## What you are asked to do
All pictures should be dropped, and only the lines from the top of the entries below through the line containing "レースデザインでも甘すぎず、" repeated exactly, both ends included.
BEGIN Data to use
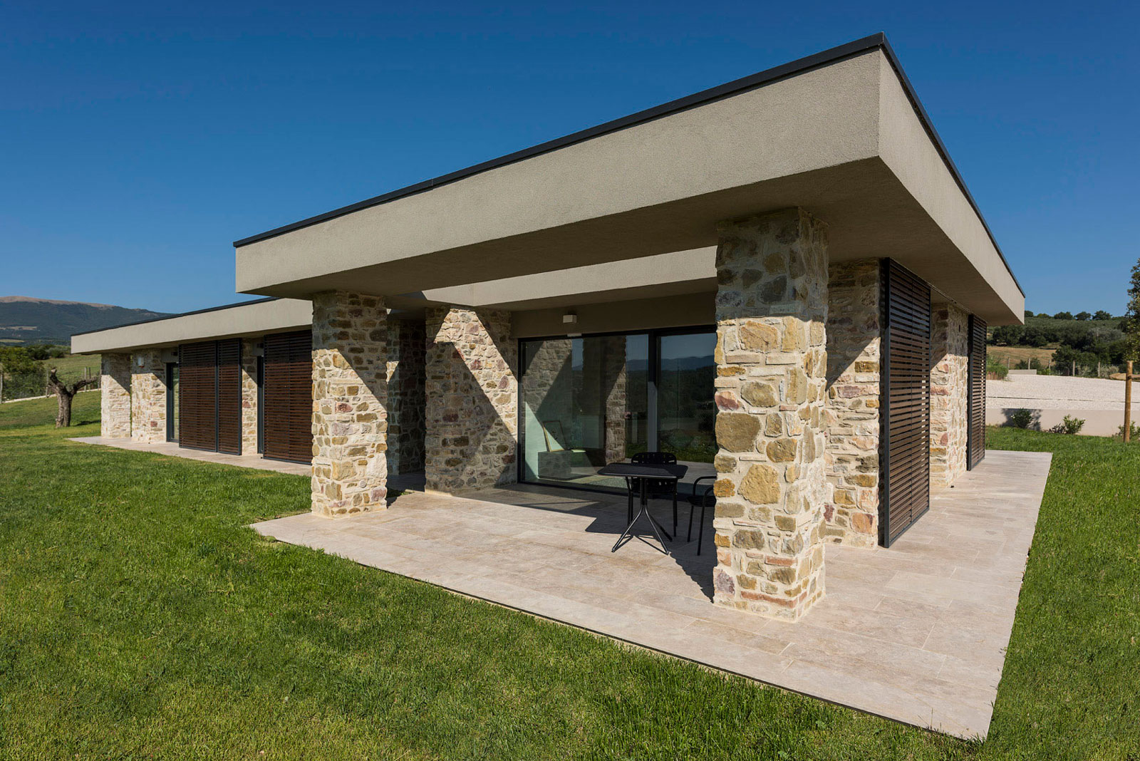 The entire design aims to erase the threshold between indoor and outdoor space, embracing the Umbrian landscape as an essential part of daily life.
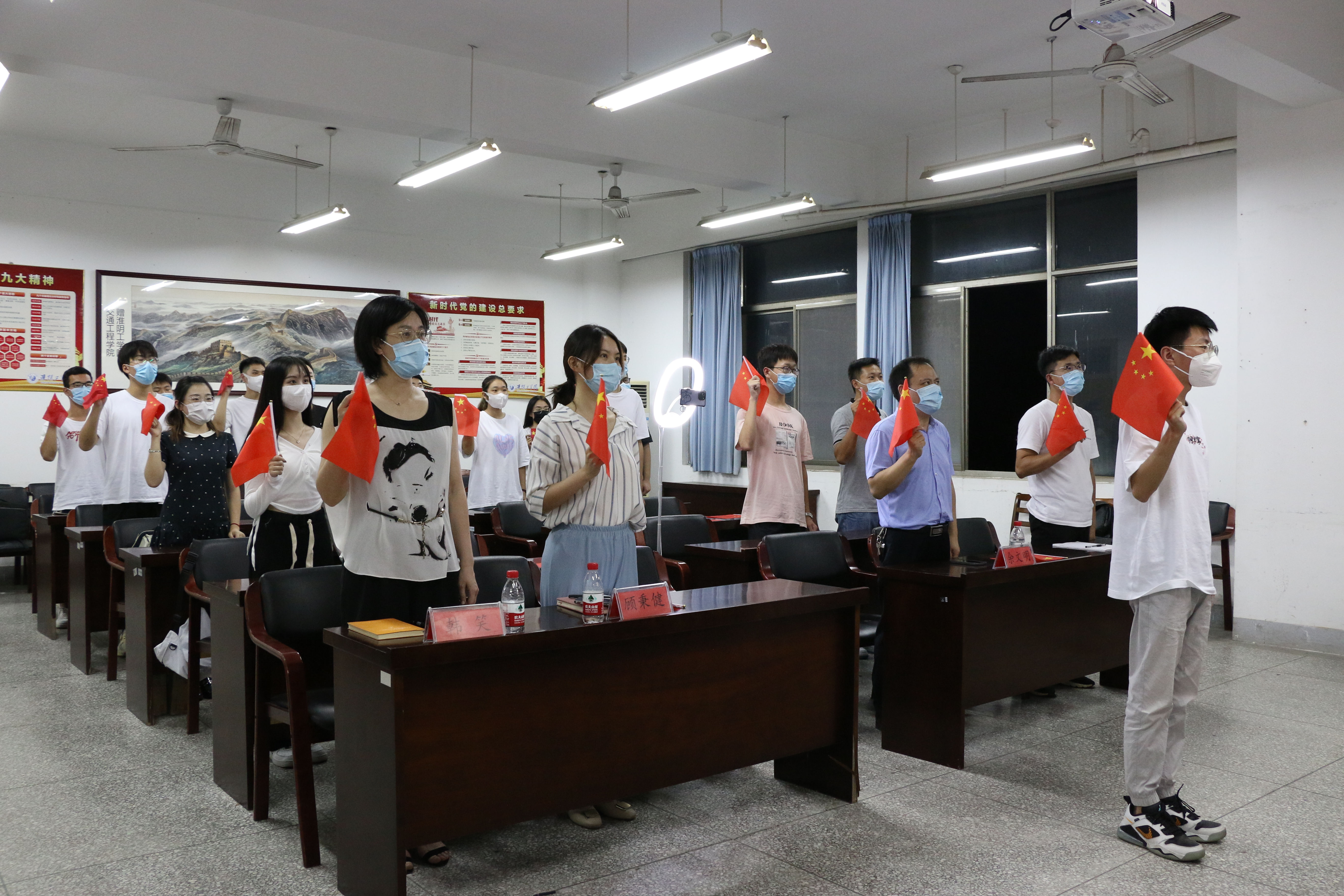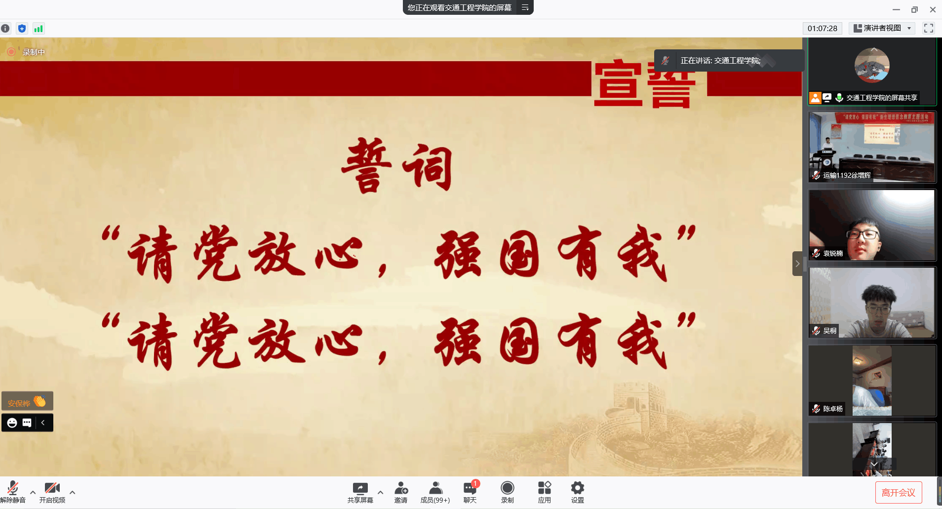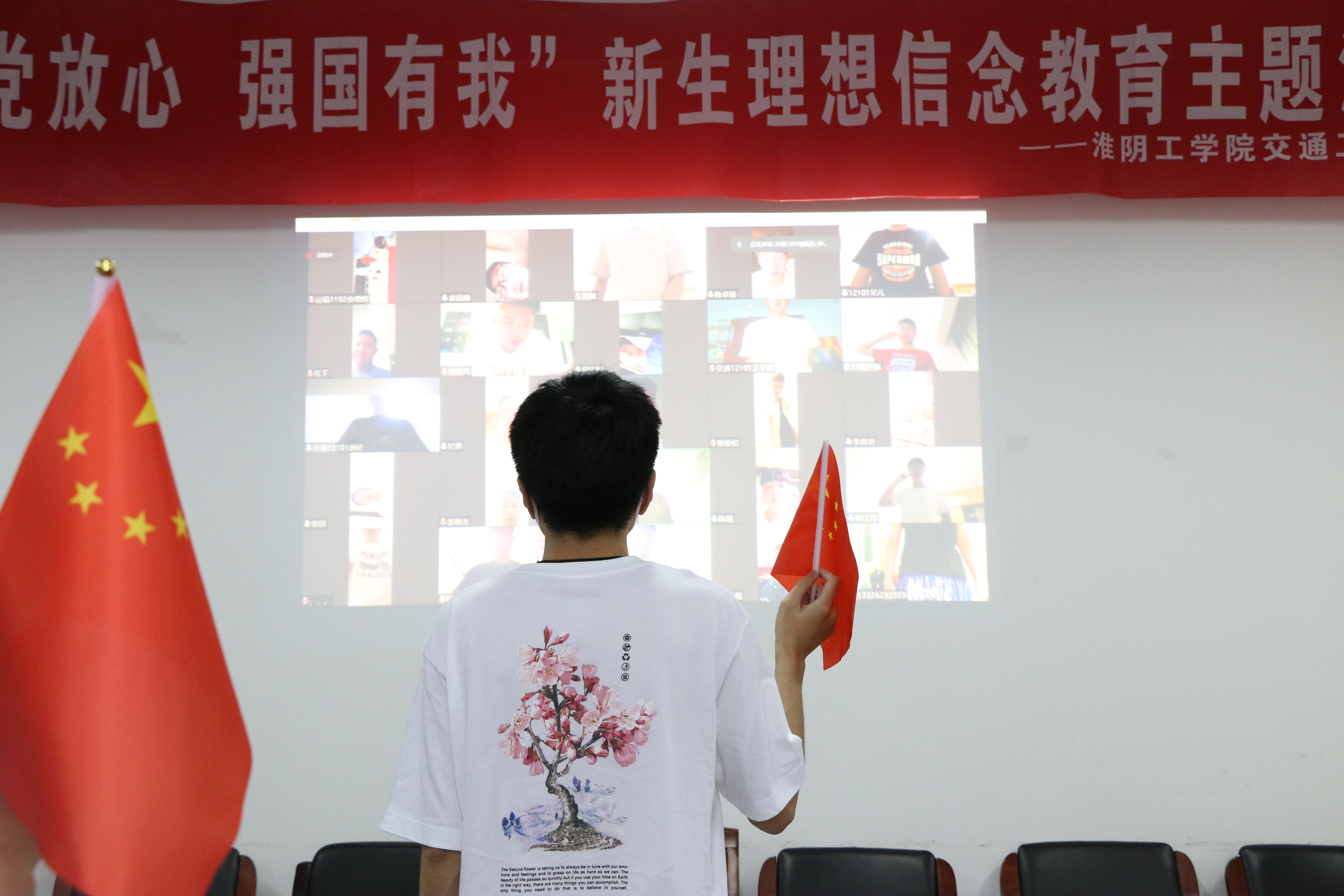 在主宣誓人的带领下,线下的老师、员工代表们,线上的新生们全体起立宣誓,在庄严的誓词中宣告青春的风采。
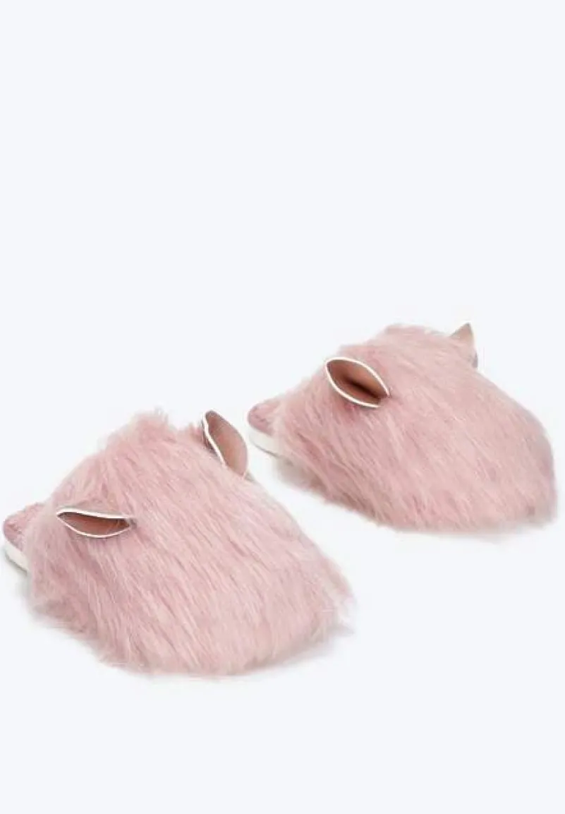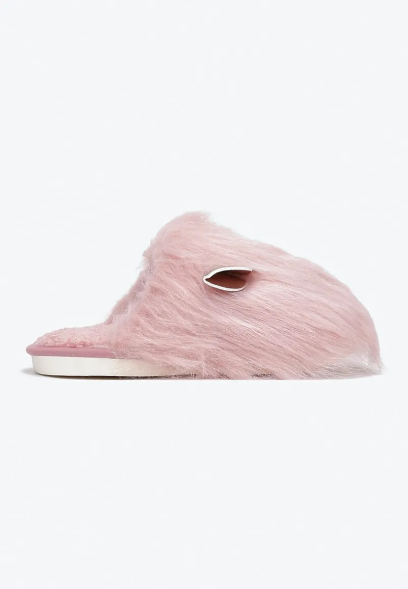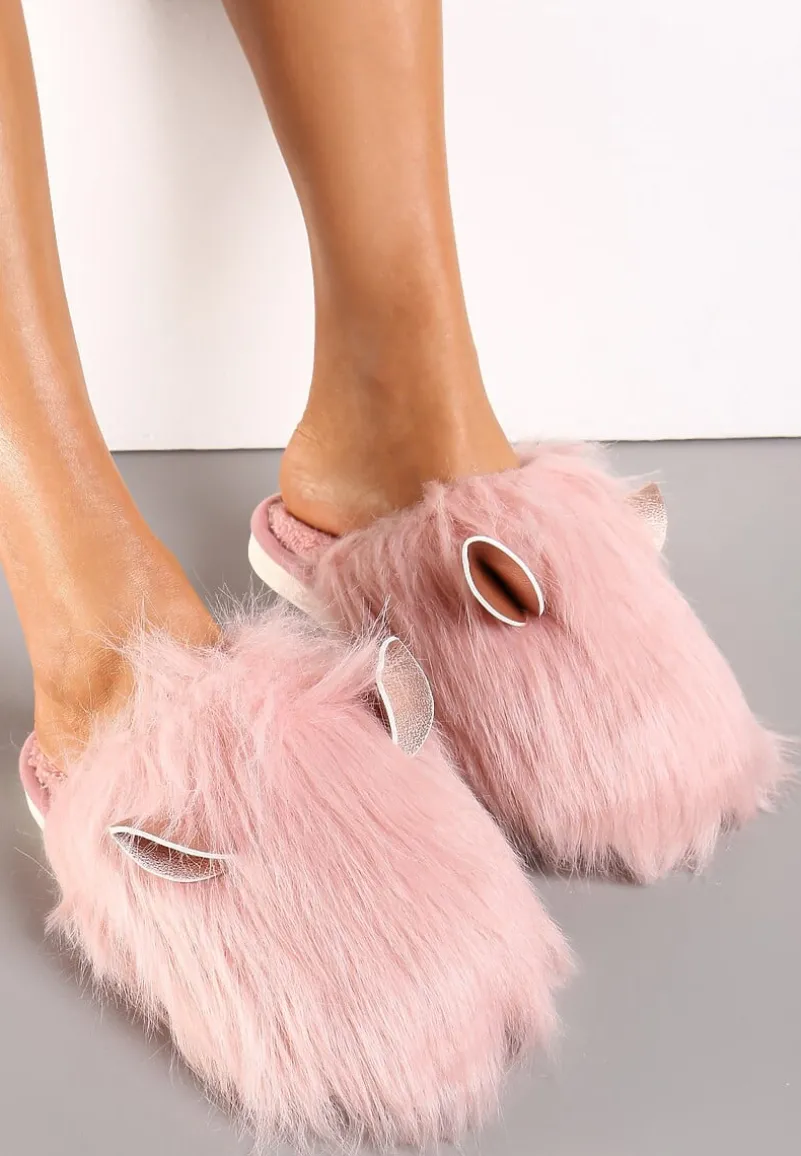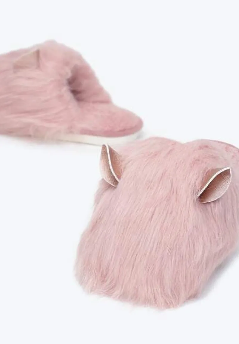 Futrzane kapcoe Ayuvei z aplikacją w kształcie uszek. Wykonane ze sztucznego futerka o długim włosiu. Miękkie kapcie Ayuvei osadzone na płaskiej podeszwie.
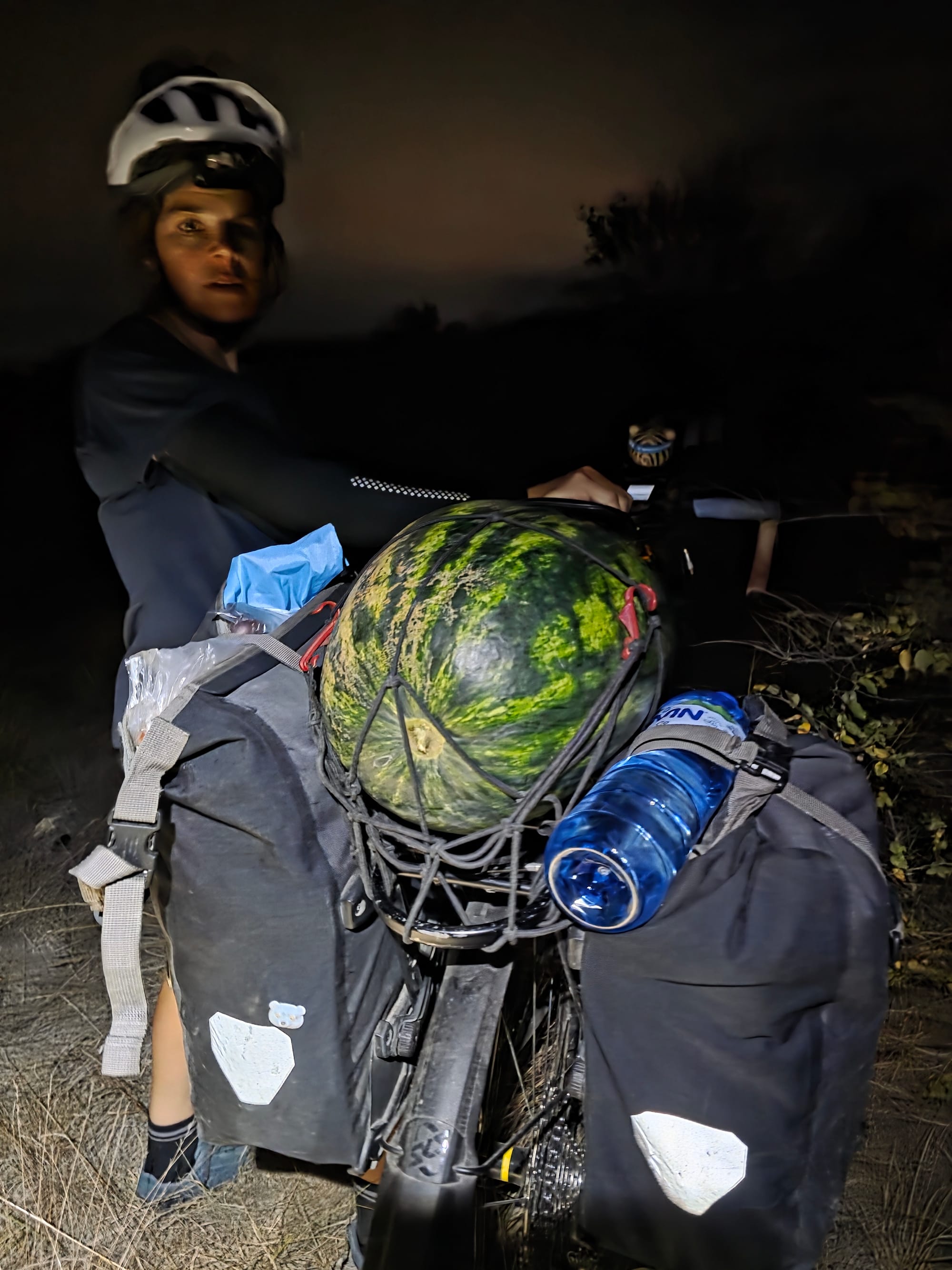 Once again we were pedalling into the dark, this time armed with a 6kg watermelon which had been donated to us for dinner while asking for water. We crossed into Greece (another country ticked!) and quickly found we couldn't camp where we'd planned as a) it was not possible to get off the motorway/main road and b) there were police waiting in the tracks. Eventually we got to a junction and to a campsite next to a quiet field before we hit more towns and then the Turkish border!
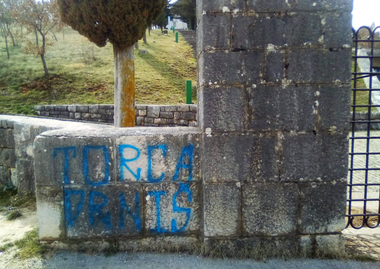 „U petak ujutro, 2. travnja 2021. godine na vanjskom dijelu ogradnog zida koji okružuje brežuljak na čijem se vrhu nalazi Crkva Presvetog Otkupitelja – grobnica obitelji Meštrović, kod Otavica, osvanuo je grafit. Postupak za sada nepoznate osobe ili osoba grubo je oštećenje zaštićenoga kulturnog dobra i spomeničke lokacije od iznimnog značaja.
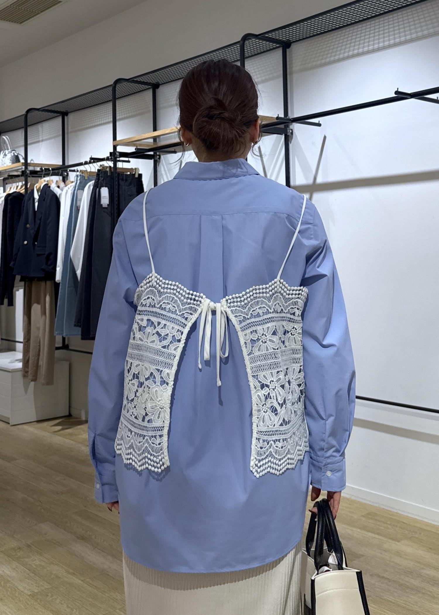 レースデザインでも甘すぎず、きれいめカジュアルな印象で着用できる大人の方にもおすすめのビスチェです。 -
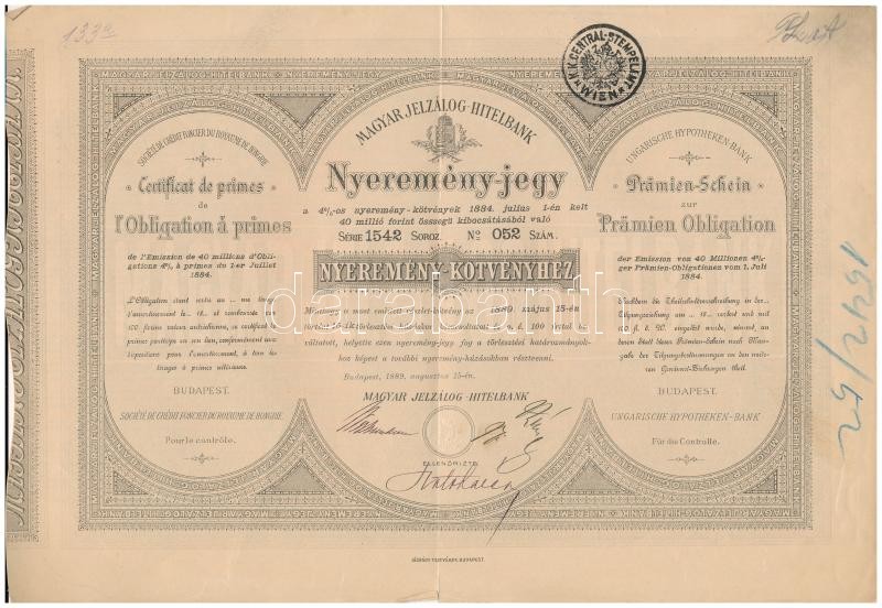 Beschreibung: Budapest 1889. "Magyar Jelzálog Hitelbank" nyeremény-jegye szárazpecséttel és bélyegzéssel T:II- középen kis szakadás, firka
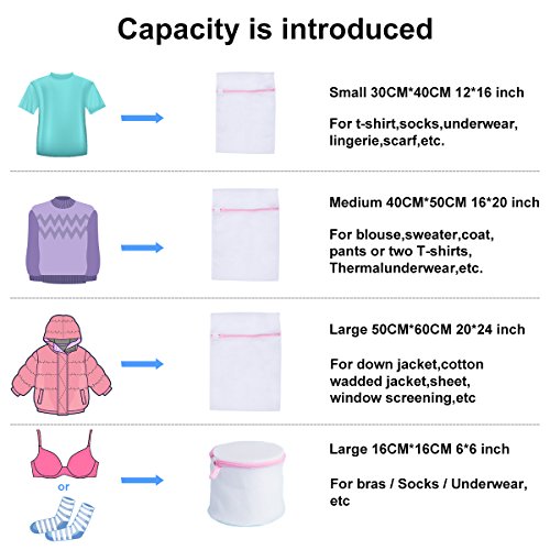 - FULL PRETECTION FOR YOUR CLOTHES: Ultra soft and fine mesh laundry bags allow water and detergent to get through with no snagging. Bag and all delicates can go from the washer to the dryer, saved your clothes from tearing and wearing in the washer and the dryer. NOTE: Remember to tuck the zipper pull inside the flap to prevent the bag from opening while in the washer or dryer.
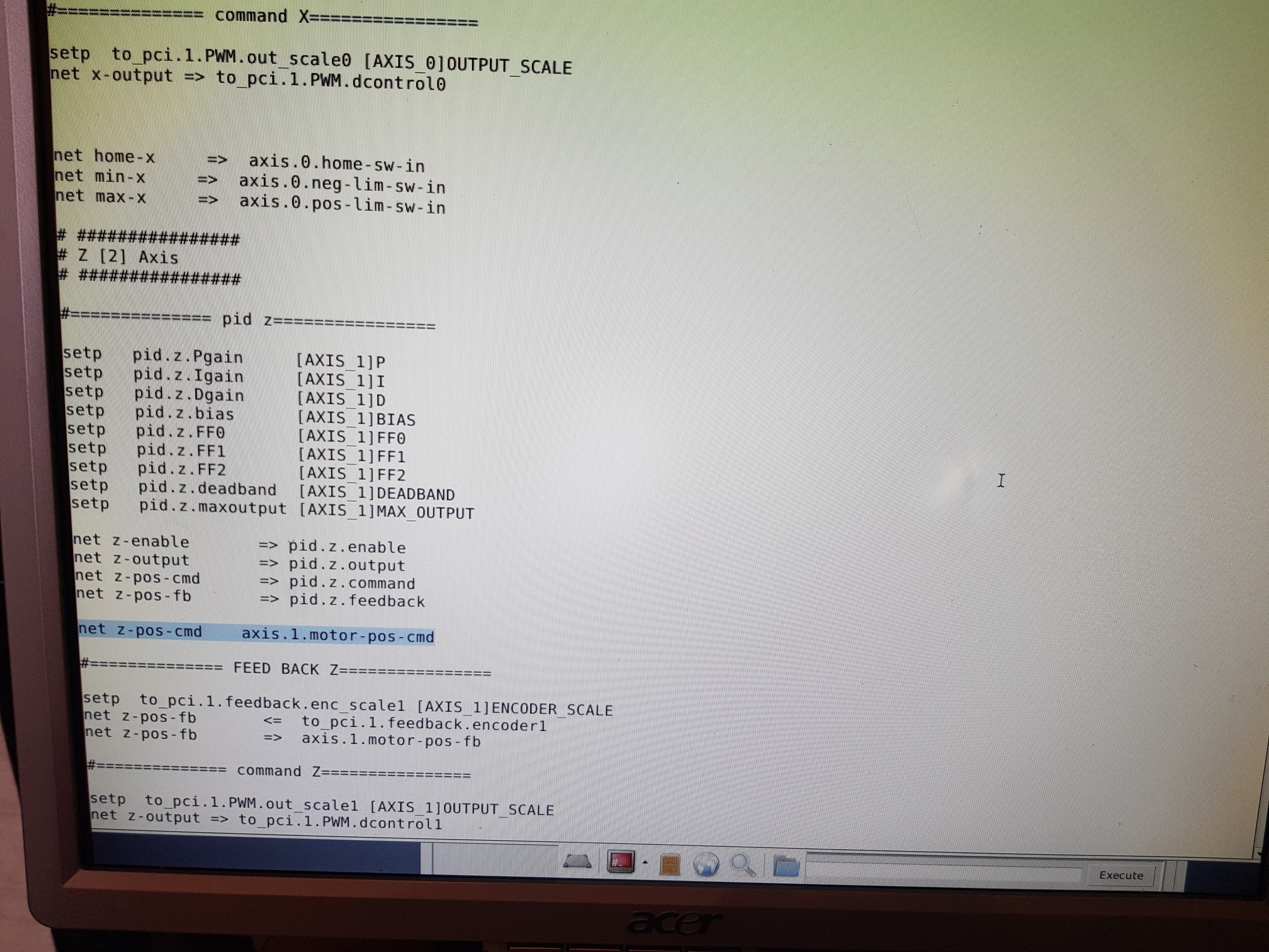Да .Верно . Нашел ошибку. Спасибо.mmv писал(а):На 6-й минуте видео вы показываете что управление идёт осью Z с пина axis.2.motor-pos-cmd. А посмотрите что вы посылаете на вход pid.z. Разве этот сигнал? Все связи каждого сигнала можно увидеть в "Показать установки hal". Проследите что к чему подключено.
END Data to use
## Response to the task
 The entire design aims to erase the threshold between indoor and outdoor space, embracing the Umbrian landscape as an essential part of daily life.
 在主宣誓人的带领下,线下的老师、员工代表们,线上的新生们全体起立宣誓,在庄严的誓词中宣告青春的风采。
 Futrzane kapcoe Ayuvei z aplikacją w kształcie uszek. Wykonane ze sztucznego futerka o długim włosiu. Miękkie kapcie Ayuvei osadzone na płaskiej podeszwie.
 Once again we were pedalling into the dark, this time armed with a 6kg watermelon which had been donated to us for dinner while asking for water. We crossed into Greece (another country ticked!) and quickly found we couldn't camp where we'd planned as a) it was not possible to get off the motorway/main road and b) there were police waiting in the tracks. Eventually we got to a junction and to a campsite next to a quiet field before we hit more towns and then the Turkish border!
 „U petak ujutro, 2. travnja 2021. godine na vanjskom dijelu ogradnog zida koji okružuje brežuljak na čijem se vrhu nalazi Crkva Presvetog Otkupitelja – grobnica obitelji Meštrović, kod Otavica, osvanuo je grafit. Postupak za sada nepoznate osobe ili osoba grubo je oštećenje zaštićenoga kulturnog dobra i spomeničke lokacije od iznimnog značaja.
 レースデザインでも甘すぎず、きれいめカジュアルな印象で着用できる大人の方にもおすすめのビスチェです。 -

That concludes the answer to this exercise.